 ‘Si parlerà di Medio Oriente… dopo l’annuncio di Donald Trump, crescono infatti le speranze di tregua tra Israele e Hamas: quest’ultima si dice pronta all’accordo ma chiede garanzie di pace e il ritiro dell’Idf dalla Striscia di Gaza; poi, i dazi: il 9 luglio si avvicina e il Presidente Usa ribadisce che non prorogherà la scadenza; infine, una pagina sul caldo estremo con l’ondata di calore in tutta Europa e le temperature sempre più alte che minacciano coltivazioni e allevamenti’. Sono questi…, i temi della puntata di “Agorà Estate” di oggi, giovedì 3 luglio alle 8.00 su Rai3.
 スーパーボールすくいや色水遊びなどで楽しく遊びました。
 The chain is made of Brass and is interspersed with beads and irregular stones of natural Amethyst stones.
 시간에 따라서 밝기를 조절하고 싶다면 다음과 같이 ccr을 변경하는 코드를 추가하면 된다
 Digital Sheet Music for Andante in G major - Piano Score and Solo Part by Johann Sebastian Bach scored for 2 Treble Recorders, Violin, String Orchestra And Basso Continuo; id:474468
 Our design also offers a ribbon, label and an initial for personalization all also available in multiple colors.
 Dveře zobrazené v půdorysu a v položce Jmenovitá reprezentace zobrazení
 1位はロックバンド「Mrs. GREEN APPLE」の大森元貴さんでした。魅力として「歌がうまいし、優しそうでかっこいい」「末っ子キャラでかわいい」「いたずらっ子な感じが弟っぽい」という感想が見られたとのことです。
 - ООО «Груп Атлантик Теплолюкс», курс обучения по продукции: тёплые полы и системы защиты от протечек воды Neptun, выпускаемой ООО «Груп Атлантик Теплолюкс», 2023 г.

> _EXERCISE DESCRIPTION_
Each line of the material should be repeated exactly as it reads.

> _PROBLEM SOLUTION_
 ‘Si parlerà di Medio Oriente… dopo l’annuncio di Donald Trump, crescono infatti le speranze di tregua tra Israele e Hamas: quest’ultima si dice pronta all’accordo ma chiede garanzie di pace e il ritiro dell’Idf dalla Striscia di Gaza; poi, i dazi: il 9 luglio si avvicina e il Presidente Usa ribadisce che non prorogherà la scadenza; infine, una pagina sul caldo estremo con l’ondata di calore in tutta Europa e le temperature sempre più alte che minacciano coltivazioni e allevamenti’. Sono questi…, i temi della puntata di “Agorà Estate” di oggi, giovedì 3 luglio alle 8.00 su Rai3.
 スーパーボールすくいや色水遊びなどで楽しく遊びました。
 The chain is made of Brass and is interspersed with beads and irregular stones of natural Amethyst stones.
 시간에 따라서 밝기를 조절하고 싶다면 다음과 같이 ccr을 변경하는 코드를 추가하면 된다
 Digital Sheet Music for Andante in G major - Piano Score and Solo Part by Johann Sebastian Bach scored for 2 Treble Recorders, Violin, String Orchestra And Basso Continuo; id:474468
 Our design also offers a ribbon, label and an initial for personalization all also available in multiple colors.
 Dveře zobrazené v půdorysu a v položce Jmenovitá reprezentace zobrazení
 1位はロックバンド「Mrs. GREEN APPLE」の大森元貴さんでした。魅力として「歌がうまいし、優しそうでかっこいい」「末っ子キャラでかわいい」「いたずらっ子な感じが弟っぽい」という感想が見られたとのことです。
 - ООО «Груп Атлантик Теплолюкс», курс обучения по продукции: тёплые полы и системы защиты от протечек воды Neptun, выпускаемой ООО «Груп Атлантик Теплолюкс», 2023 г.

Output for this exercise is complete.